# Given records:
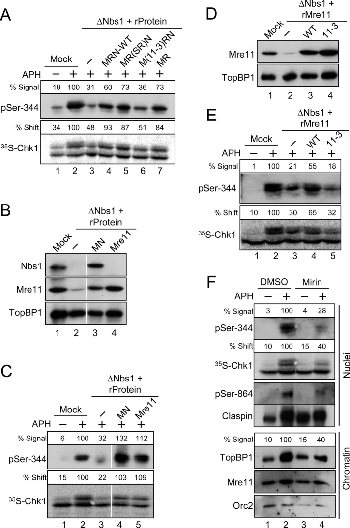 FIGURE 5:. Mre11 is essential for the DNA replication checkpoint in egg extracts. (A) Mock-depleted (lanes 1 and 2) or Nbs1-depleted (lanes 3–7) extracts were supplemented with the following: control buffer (lanes 1–3), recombinant MRN complexes containing all wild-type subunits (lane 4), a Rad50-SR mutant subunit (lane 5), or an Mre11-3 mutant subunit (lane 6), and dimeric MR complex (lane 7). Extracts were incubated with [35S]Chk1 in the absence (lane 1) or presence (lanes 2–7) of APH. Nuclear fractions from the extracts were processed for immunoblotting with anti–pSer-344 Chk1 antibodies (top) or for phosphorimaging to detect radiolabeled Chk1 (bottom). Numbers above each lane denote quantitation of phosphorylation relative to mock-depleted, APH-treated extracts. (B) Mock-treated (lane 1) or Nbs1-depleted extracts (lanes 2–4) were supplemented with control buffer (lanes 1 and 2), recombinant Mre11-Nbs1 complex (MN, lane 3) or recombinant Mre11 protein (lane 4). Extracts were immunoblotted for the indicated proteins. (C) Extracts from (B) were incubated with [35S]Chk1 in the absence (lane 1) or presence (lanes 2–5) of APH. Nuclear fractions from the extracts were processed for immunoblotting with anti–pSer-344 Chk1 antibodies (top) or for phosphorimaging to detect radiolabeled Chk1 (bottom). (D) Mock-treated (lane 1) or Nbs1-depleted (lanes 2–4) extracts were supplemented with control buffer (lanes 1 and 2), recombinant wild-type Mre11 protein (lane 3), or the mutant Mre11-3 protein (lane 4). Extracts were immunoblotted for the indicated proteins. (E) Extracts from (D) were incubated with [35S]Chk1 in the absence (lane 1) or presence (lanes 2–5) of APH. Nuclear fractions from the extracts were processed for immunoblotting with anti–pSer-344 Chk1 antibodies (top) or for phosphorimaging to detect radiolabeled Chk1 (bottom). (F) Effects of mirin on the DNA replication checkpoint. Egg extracts were preincubated for 20 min in the absence (lanes 1 and 2) or presence (lanes 3 and 4) of 0.8 mM mirin. At this point, extracts were supplemented with sperm chromatin and [35S]Chk1 and incubated in the absence (lanes 1 and 3) or presence (lanes 2 and 4) of APH. Nuclear fractions (top four panels) were prepared and processed for phosphorimaging and immunoblotting with the indicated antibodies. Numbers above the lanes containing Chk1 denote phosphorylation relative to APH-containing extracts treated with DMSO. Chromatin fractions (bottom three panels) were prepared and immunoblotted for TopBP1, Mre11, and Orc2. The numbers above the lanes containing TopBP1 represent the binding of TopBP1 to chromatin relative to APH-containing extracts treated with DMSO. |
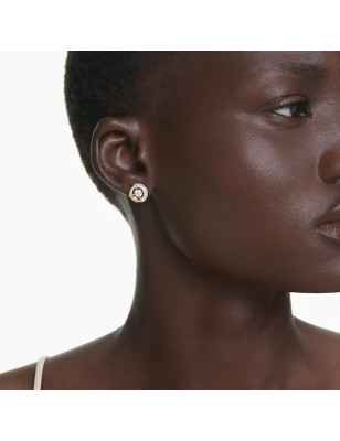 Orecchini Dextera placcati color oro rosa, cerchio centrale. Metà pavé di cristalli e Swarovski Zirconia danzante centrale. Abbinabili al pendente per look gioioso e scintillante.
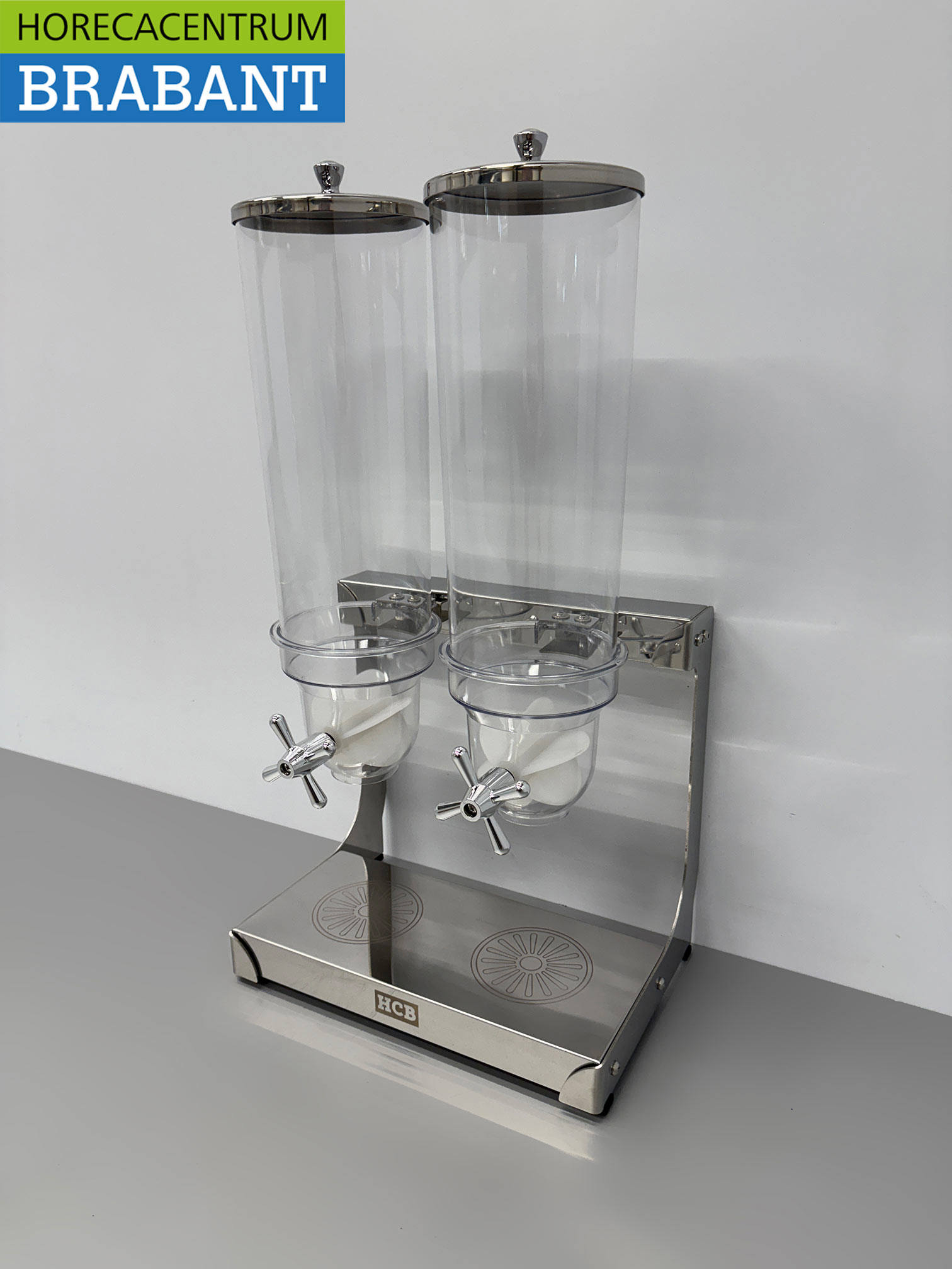 De HCB RVS granendispenser is ideaal voor het hygiënisch en stijlvol presenteren van ontbijtgranen, noten of muesli. Dankzij de krasvaste containers blijft de dispenser ook bij intensief gebruik netjes en duurzaam in uitstraling.
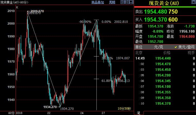 现货黄金下看1938美元
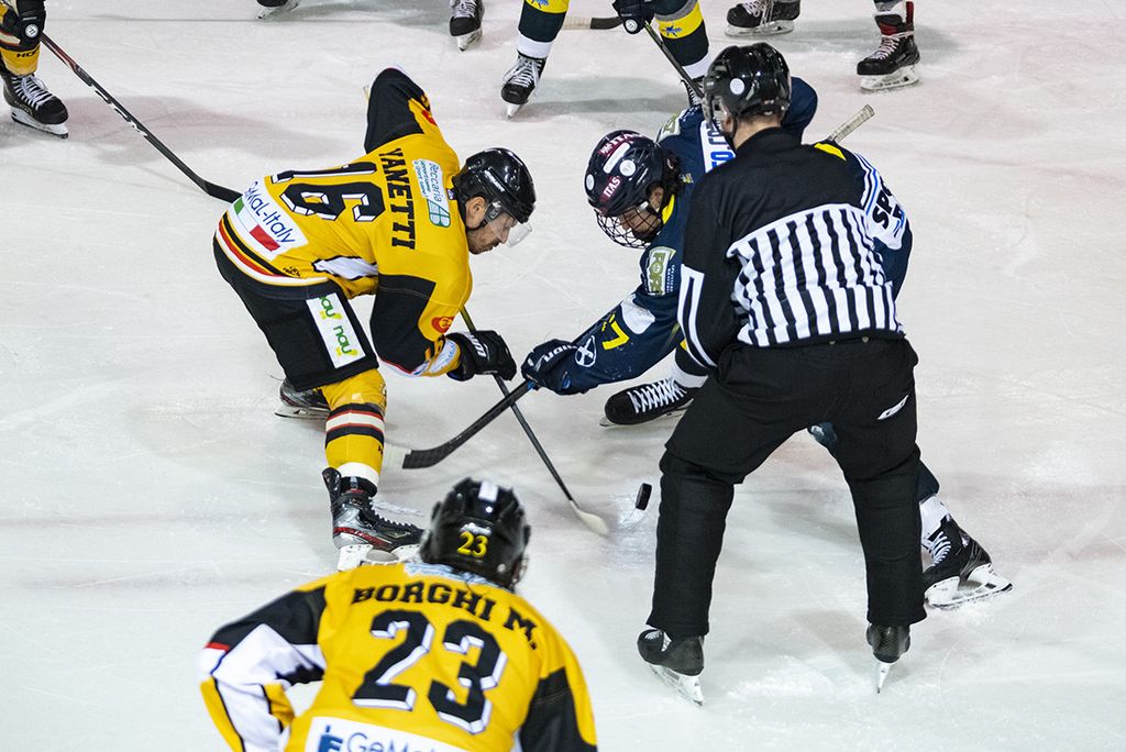 Gara-5 Caldaro-Bressanone 3-2 al 10'03" dell'overtime (serie 3-2).
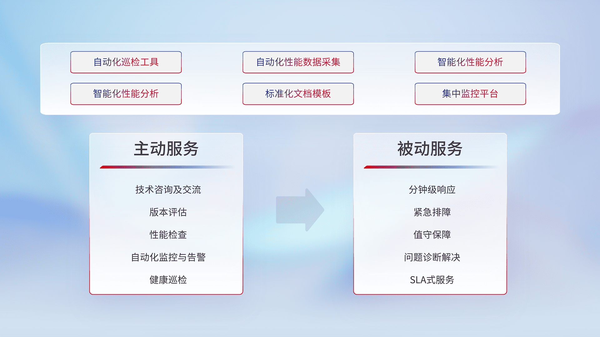 智能化工具和标准化文档,,,,保障服务质量,,,提供主动服务(包含技术咨询、、版本评估、、、性能检查、、、自动化监控与告警、、、健康巡检)和被动服务包含(分钟级响应、、、、紧急排障、、、值守保障、、、、问题诊断解决、、、、SLA服务)。。。。
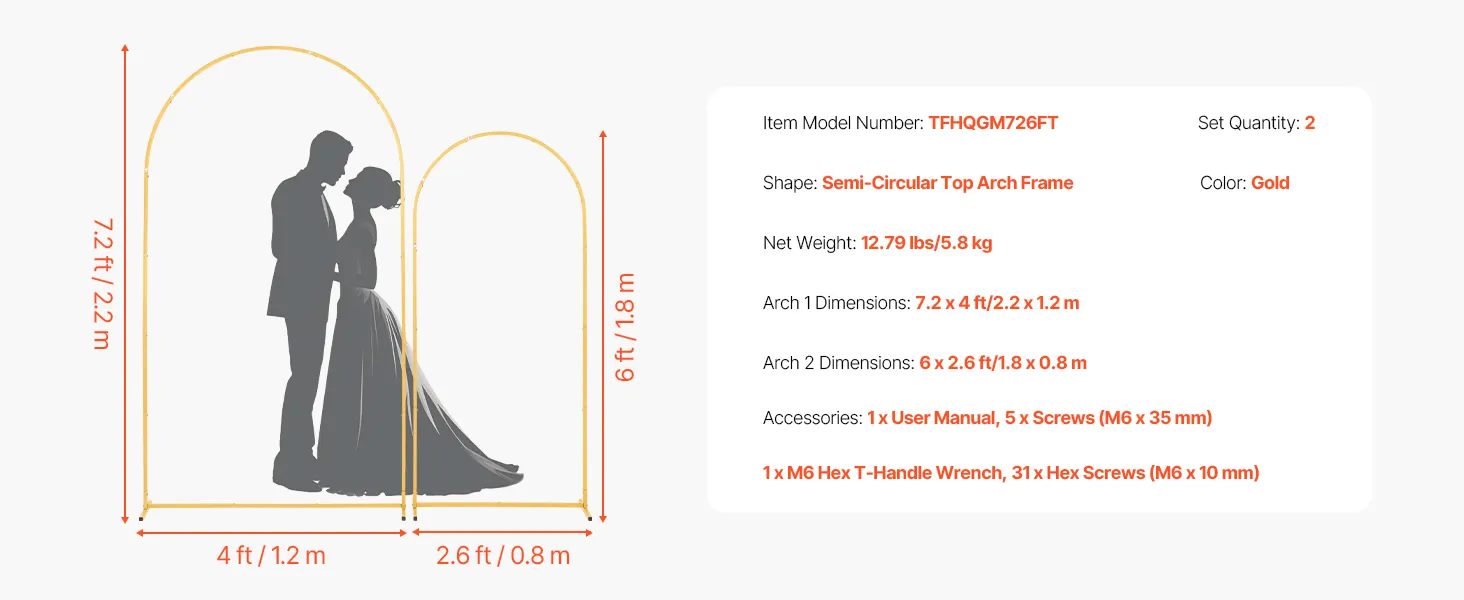 Elegant Design: This 2-set arch backdrop stand, with dimensions of 7.2 x 4 ft and 6 x 2.6 ft, is suitable for both indoor and outdoor use. It enhances the visual appeal, creating a unique romantic atmosphere for any celebration
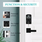Security and Durability: Door lock with Handles is ANSI Grade 3 Certified. Made of durable alloy and powered by 4 AA batteries, providing over 1 year of use. IP54 weatherproof. [3 in 1] Unlock:Passwords+One-time Codes+Keys to unlock your door lock. Combination Door Lock:Our fingerprints Digital Smart Code Door Lock set includes 2 passage door levers and a keypad deadbolt lock. Our smart door lock featured with anti-peeping password, mute mode, vacation mode, backlit keypad to apply your needs. Vacation Mode When you're away on vacation, you can turn on vacation mode.It cannot be unlocked with a user code or one-time codes, and it will sound an alarm if someone tries to unlock it from the outside and inside. Mute Mode You can turn the beep on or off.If you have kids and elderly, you can mute them to provide a noise-free environment for them. Our smart door lock No Wi-Fi /App Required, no need to worry about mobile phone connection or network problems. Very friendly for children and the elderly. Keypad Front Door Lock Set : Our digital door lock set includes 2 passage door handles and a keypad deadbolt lock. This smart door lock featured with low battery indicator, backlit keypad,mute mode, vacation mode to apply your different needs Keyless Entry: Keypad lock supports multiple ways to access: 20 user codes, one- time code, 2 backup keys. One-Time Code:Our door lock system allows for one-time access codes to be set for temporary visitors. it will automatically deleted after use Auto-Lock & One-touch Lock: Our door lock system features automatic locking and a one-touch auto-lock option. Set up door lock set to 'auto lock' in 10-99 seconds,or press and hold any key for 2 seconds to "One touch Lock" from outside.perfect for getting in/out in a hurry Security Protection:Anti-peeping password which add random numbers before and after the real password to protect from prying eyes. and Anti-cracking Wrong Password Entry Limit 10 times, keypad lockout 3 minutes, keep your home security at all times Low Battery Alert: This smart door lock featured with low battery indicator, when the battery below 15%, flashing red light will remind you to replace batteries,which last up to 1 year Easy to install:Our door lock system can be easily installed with just a screwdriver in a few minutes(all necessary hardware components included).The front door lock set fits standard-size door hole (2-1/8-inch / 54mm), Fit standard door thickness of 1-3/8"to 1-3/4"(35mm-45mm)

# Problem description:
Your reply is to be an exact repeat of the listing above from the line holding "De HCB RVS granendispenser" down to the line holding "现货黄金下看1938美元", ends included, pictures excluded.

# Answer section:
 De HCB RVS granendispenser is ideaal voor het hygiënisch en stijlvol presenteren van ontbijtgranen, noten of muesli. Dankzij de krasvaste containers blijft de dispenser ook bij intensief gebruik netjes en duurzaam in uitstraling.
 现货黄金下看1938美元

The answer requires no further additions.